= Academic league =

In Brazil, the academic leagues are associations of students of different years of medical graduation who seek to deepen their knowledge, orienting themselves according to the principles of the “university tripod”: teaching, research and extension. In general, the leagues are arranged into different areas, like neurology, trauma, oncology, pediatrics and cardiology.

The academic leagues have similarities to the learning communities found in American and Canadian universities. However, the academic leagues are small groups, with the students responsible for the organizing and planning processes, with the assistance of a teacher. The activities occur regularly throughout the curricular semester, usually in unusual schedules, involving students from different years and even from different medical universities. The academic leagues are frequently discussed in seminars and conferences, such as Brazilian Congress of Medical Education, which promote scientific development and enable the exchange of experience between peers. Although, there is no clear concept about them.

== Motivations and critics ==
They are extracurricular activities, so participation highlights the students' motivation to active pursuit of knowledge. The academic leagues have optional participation, being environments theoretically free of academic formalities, with a system of self-management of learning and have a mitigation of the classic hierarchical environment of the teacher-student relationship. Thus, it is understood that learning within them becomes more enjoyable. Some Brazilian authors, however, list critiques to the academic leagues. The possible subversion of the formal curricular structure, reproduction of academic defects, early specialization, the risk of the practice of medicine without guidance and supervision, and the emphasis on teaching and research to the detriment of university extension, reduced to specific campaigns and activities.

There are many motivations that lead students to participate in an academic league: need to approach clinical practice, deficiencies in the curriculum, search for social recognition, among others.

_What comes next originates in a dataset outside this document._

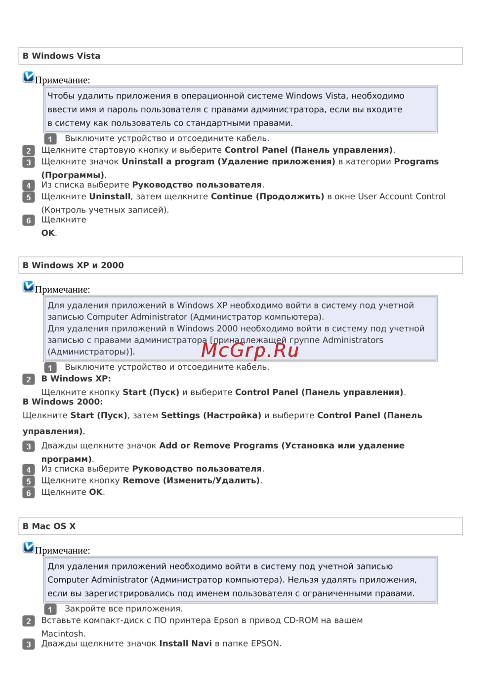 - Примечание для пользователей mac os x 10 или 10 p.11

Therefore, it is to be expected that there is immense variability among the academic leagues, showing that because it is a student initiative and based on an initial problem, each group of students finds ways to deal with such problems.

== Base-activities ==
Despite the variability, however, it is possible to note the base-activity pattern in the teaching-research-extension tripod. In general, all academic leagues have periodic programmed activities with the objective of discussing the subject of interest among the students, based on theoretical basis, in the form of classes, discussion of articles or seminars. Also, most of the leagues described participation in academic events, as listeners, lecturers or carrying out scientific papers.

== Health sciences ==
Although the academic leagues started and is still a theme predominantly related to the medical students, they have been created in other health sciences. Sometimes, academic leagues are created to "work around" problems of the curricula.

== Academic leagues entities ==
Some specialty societies stimulate the creation of academic leagues in their area, introducing content that are not yet on the formal curriculum, and creating networks of knowledge exchange among the leagues of their area. There are other experiences of entities that congregate several academic leagues, the most notable being the Brazilian Association of Academic Leagues, founded in 2006. There is also the Brazilian Committee of Trauma Leagues, which brings together the academic leagues focused on the study of trauma and emergency medicine.